The attendant circumstances lead to one conclusion only — that the respondent was the person paying wages to employees and consequently coming within the ambit of section 153.
 In Cana Construction Co. v. Canada, supra, the Federal Court of Appeal upheld a decision of this Court where it held that subsection 153(1) applied in circumstances where the Appellant maintained total control over the payment of wages made to the employees of one of its subcontractors, even if the cheques were drawn on the bank account of the subcontractor.
 Cana was a building contractor and Vidalin, its subcontractor, worked on one of its projects. Vidalin could not pay its employees so, to ensure the completion of the project, Cana decided that it was necessary that the employees of Vidalin be paid.
 To that end, Vidalin informed Cana of the amount owing to each employee and Cana allowed a bank draft to be drawn on its own account for the total amount. An employee of Cana and an employee of Vidalin went to Vidalin’s bank and deposited the amount in question into Vidalin’s account. At the same time, the bank certified the cheques issued by Vidalin to its employees, which represented the net wages of each employee. Those cheques were given to Vidalin to be submitted to the employees.

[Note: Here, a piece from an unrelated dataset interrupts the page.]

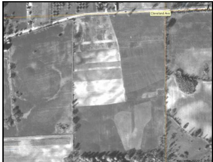
Figure 1. 1941 aerial view of future proving ground property (center) showing open farm fields.

Further research is needed to determine the timing more accurately, but one could speculate the AC proving ground in New Berlin was established after WWII, and operated until about 1960 when a new facility was constructed near Union Grove, WI.

 Cana submitted that the payments that were made to Vidalin by means of bank drafts related to a contractual obligation that existed between the Appellant and Vidalin as a subcontractor, and they were not meant to cover the wages of Vidalin’s employees. Moreover, the Appellant submitted that, because it did not issue the cheques to the employees, there was no actual payment and it could not, therefore, come within the ambit of subsection 153(1) of the Act.
 The Court found that the Appellant, Cana, maintained total control and dominion over the funds used to pay the wages of Vidalin’s employees, that Cana was the person paying the employees wages and that it did so deliberately and with full knowledge that it was doing so. The judge stated as follows:
. . . Vidalin acted on Cana’s instructions and direction when it prepared the pay cheques and attached stub with deduction details. Cana retained complete control over the payment procedure. Section 153 states clearly that every person paying wages to an employee must withhold tax, it does not say that only employers must do so. (At paragraph 27 of the decision.)
 In affirming the decision, the Federal Court of Appeal stated as follows:
. . . the Appellant’s conduct and its maintenance of complete control over the sums ostensibly paid by Vidalin until such time as they were received by the employees supported the judge's finding that Vidalin was acting on Appellant’s instructions and directions in preparing the payroll cheques whose stubs showed (wrongly) that the applicable deductions had been made. The judge was accordingly justified in concluding that the situation was no different than if the Appellant had itself directly paid Vidalin’s employees and had failed to remit the taxes deducted.
 In my opinion, that case law is clearly to the effect that a person will be held liable under subsection 153(1) if he or she has decision-making power as to the payments of wages made to employees. He or she will not be held liable if he or she pays wages or salaries as a mere conduit or as an agent of another person.
 In the case at bar, in order to determine who between Paie Maître and Marché Lambert paid the wages within the meaning of subsection 153(1), it is important to determine the role of Paie Maître.
 The Retail Contract between the Appellant and Paie-Maître reads, in part, as follows:
Whereas the COMPANY [Paie Maître] provides payroll processing services;
Whereas the CLIENT [Marché Lambert] intends to avail itself of said services;
The parties agree as follows:
Generally speaking, the COMPANY provides to the CLIENT a time entry tool. The CLIENT records its employees’ work time using this tool and transmits the data to the COMPANY that processes it, produces pay records, makes the payments, produces reports chosen for printing by the CLIENT.
. . .
. . .
c) The CLIENT undertakes to complete and sign any form required by the COMPANY, enabling it to perform its duties.
. . .
8. LIMITATION OF LIABILITY
. . .
a) The COMPANY accepts, without research or verification, all the information, data and instructions provided and transmitted by the CLIENT as part of this contract.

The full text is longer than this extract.